The visual analytics conducted in this study were all based on the complete dataset, which inevitably limited the granularity of analysis at the level of individual cases or specific case clusters. This represents a notable limitation and an important direction for future improvement. We will also explore new techniques to improve both the quality and volume of the data. Second, despite the data validation process, manual annotation inevitably introduces errors. How to better address these errors during the data validation and preprocessing stages requires further exploration. Finally, in terms of analytical methods, further exploration of innovative approaches suitable for small sample sizes is necessary to unlock their potential.

Conclusions

In this article, we firstly introduced a pioneering approach to modeling risks of AI events using a standardized ontological risk model.
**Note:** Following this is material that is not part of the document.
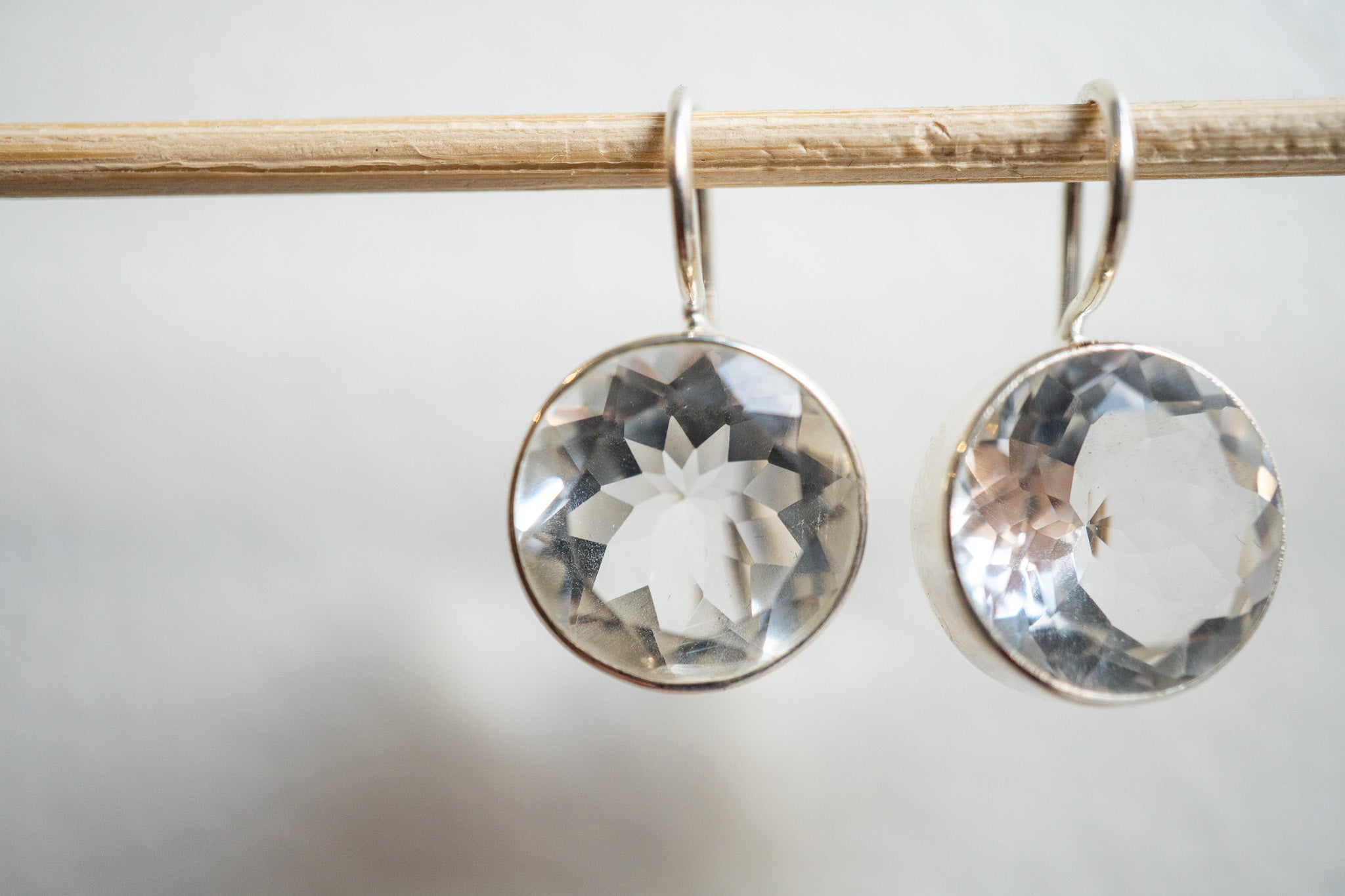 Boucles d’oreilles en argent 925 ornées de cristal de roche naturel. Raffinées et lumineuses, elles captent la lumière avec délicatesse et apportent une touche d’élégance à toutes vos tenues. Le cristal de roche, symbole de clarté et d’harmonie, se marie parfaitement avec l’éclat discret de l’argent pour un style intemporel.

This model allows us to categorize various types of AI risks within a unified framework and facilitate a systematic visual analysis of these risks. Based on this model, we generated a recoded dataset with enriched attributes. This dataset can not only enhance a holistic comprehension of the nature of AI risks, but also enables systematic examination of how different AI risks are interrelated. Based on explainable machine learning, we identified potential driving factors behind several common attributes of AI risks. Our analytical discussion provides a foundation for decision-makers to support more informed policy development and standard setting.